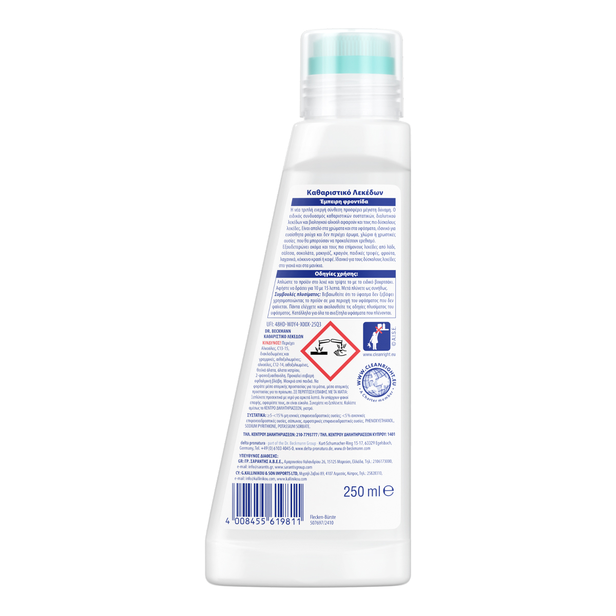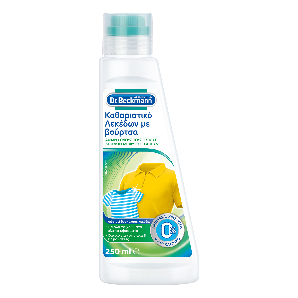 Dr Beckmann Brush Stain Remover has a special stain removal formula. A special combination of cleaning agents, but also the special brush that offers extra scrubbing power, removes even stubborn stains. It is gentle on colours and fabrics, ideal for delicate clothes and contains no perfume, dyes or bleaching agents that could cause allergic reactions.
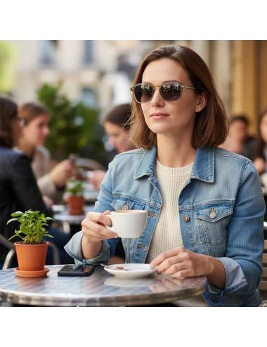 Thanks to its transparent crystal color, the WAVY model easily adapts to all clothing styles. It suits both women and men and stands out as a discreet and elegant sun accessory.
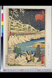 江戸名所道戯尽 十四 芝赤羽橋の雪中
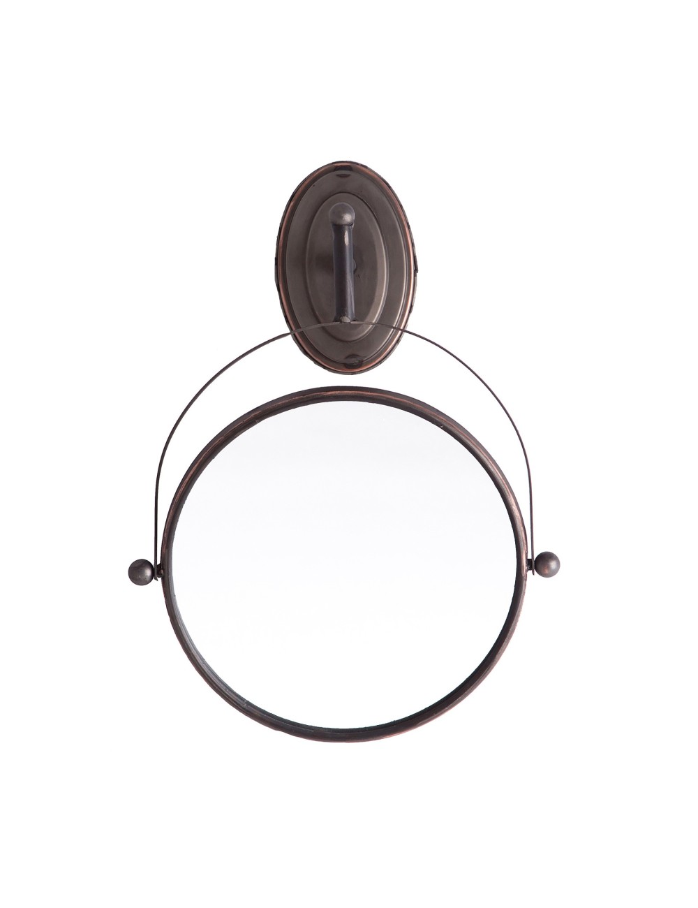 Espejo redondo reken de estilo industrial, fabricado en hierro en color plata con acabado envejecido, combinado con espejo.
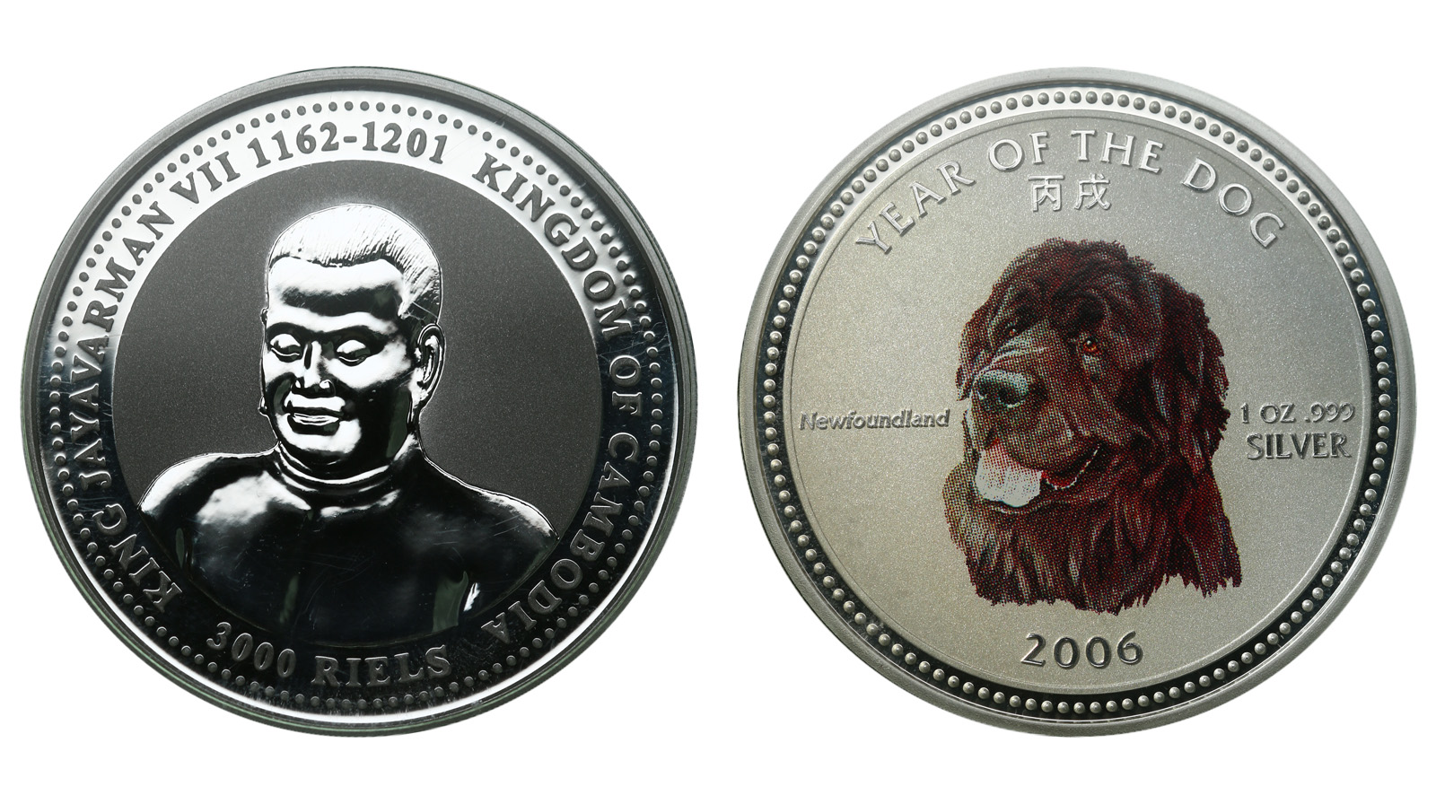 Серебро. 1,0 oz. 0,999. 31,1 г. "Год собаки. Ньюфаундленд". С цветной эмалью. В капсуле с сертификатом.
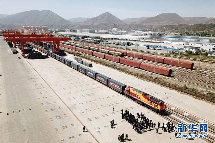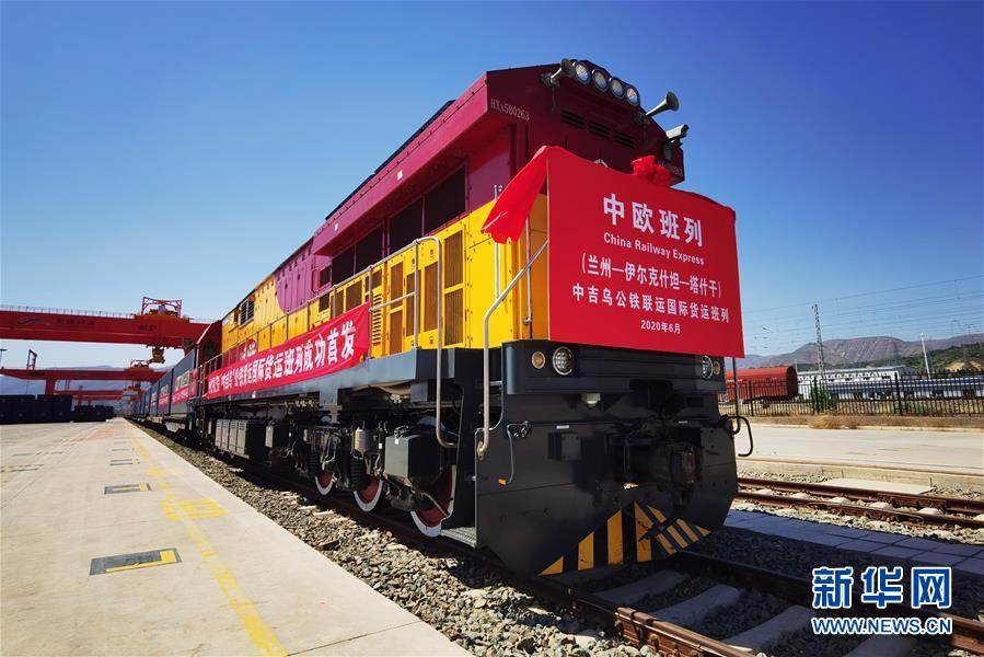 這是6月5日在甘肅蘭州國際陸港拍攝的準(zhǔn)備發(fā)車的“中吉烏”公鐵聯(lián)運(yùn)國際貨運(yùn)班列。新華社記者范培珅攝。
────────
◆ ASSIGNMENT
The required response consists solely of the lines from the line containing "江戸名所道戯尽 十四 芝赤羽橋の雪中" through the end of the listing, both ends included, copied exactly without pictures.

◆ TASK OUTPUT
 江戸名所道戯尽 十四 芝赤羽橋の雪中
 Espejo redondo reken de estilo industrial, fabricado en hierro en color plata con acabado envejecido, combinado con espejo.
 Серебро. 1,0 oz. 0,999. 31,1 г. "Год собаки. Ньюфаундленд". С цветной эмалью. В капсуле с сертификатом.
 這是6月5日在甘肅蘭州國際陸港拍攝的準(zhǔn)備發(fā)車的“中吉烏”公鐵聯(lián)運(yùn)國際貨運(yùn)班列。新華社記者范培珅攝。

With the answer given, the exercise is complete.